Briçonnet was born into a wealthy aristocratic family about the year 1472. His father was Guillaume Briçonnet (1445–1514) who had already enjoyed a successful career in the Catholic Church. The influence that the elder Guillaume Briçonnet exercised certainly did not hinder his son and namesake from advancing up through the Church hierarchy. The younger Briçonnet was made Bishop of Lodève in 1489 and was later installed as the abbot of the Abbey of Saint-Germain-des-Prés in 1507. Briçonnet also had political connections to the royal court. In 1516 he was commissioned by King Francis I of France to negotiate with Pope Leo X on the terms of the Concordat of Bologna. In the same year Briçonnet was chosen as the new Bishop of Meaux where he would begin the most significant part of his career.

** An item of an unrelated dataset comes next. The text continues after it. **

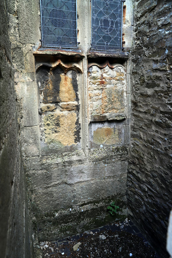 Here the whole of the two light windows in both the north and south walls of the chancel is lower than the other windows, and in both cases the westernmost light has been fitted with a transom to form a low square opening suitable for the placement of a wooden shutter.

As Bishop, Briçonnet began to implement a program of reform in his diocese. He worked to improve the training of his clergy as well as improving monastic discipline. In the course of these efforts however he made some enemies, particularly among the Franciscan friars within his diocese. Additionally, Briçonnet invited a number of evangelical humanists to work in the bishopric to help implement his reform program. This group of humanists became known as the Circle of Meaux and included Josse van Clichtove, Guillaume Farel, Jacques Lefèvre d'Étaples, Martial Mazurier, Gérard Roussel, and François Vatable. The members of the Meaux circle were of different talents but they generally emphasized the study of the Bible and a return to the theology of the early Church.
Although Briçonnet supported a renewal of his diocese along humanist lines with the support of evangelical reformers, the bishop never supported and later condemned the growing Reformation movement centered on Martin Luther. Certain members of the group disagreed with the bishop in their attitude towards Lutheranism however. The support of Lutheranism by some of his subordinates cast suspicion on Briçonnet's entire project. Some of the Franciscan friars in his diocese, already unhappy with the Bishop's austere method, took the opportunity offered by this suspicion and accused him of Lutheranism. Briçonnet had to appear before the Parlement of Paris to face charges of heresy. Briçonnet was found innocent by the Parlement, possible because of his connections at the royal court in Paris. Permanent damage had been done to Briçonnet's reform efforts however, and he found it impossible to continue his attempt to regenerate the spiritual life of his diocese. The Circle of Meaux disbanded about 1525 and its members went various ways, some of them later playing important roles in the Reformation.
After the breakup of the Circle of Meaux Briçonnet served for another nine years as bishop before his death, dismayed at the growing reaction in the Catholic Church against all attempts at internal reform that smacked of possible heresy. In retrospect Briçonnet can be grouped with contemporary Bishops of the Catholic Church such as Christoph von Utenheim and Hugo von Hohenlandenberg who attempted, unsuccessfully, to reform the Church along evangelical lines without breaking up ecclesiastical unity.
Guillaume Briçonnet died at Esmans castle on 24 January 1534; he is buried in the church of this town.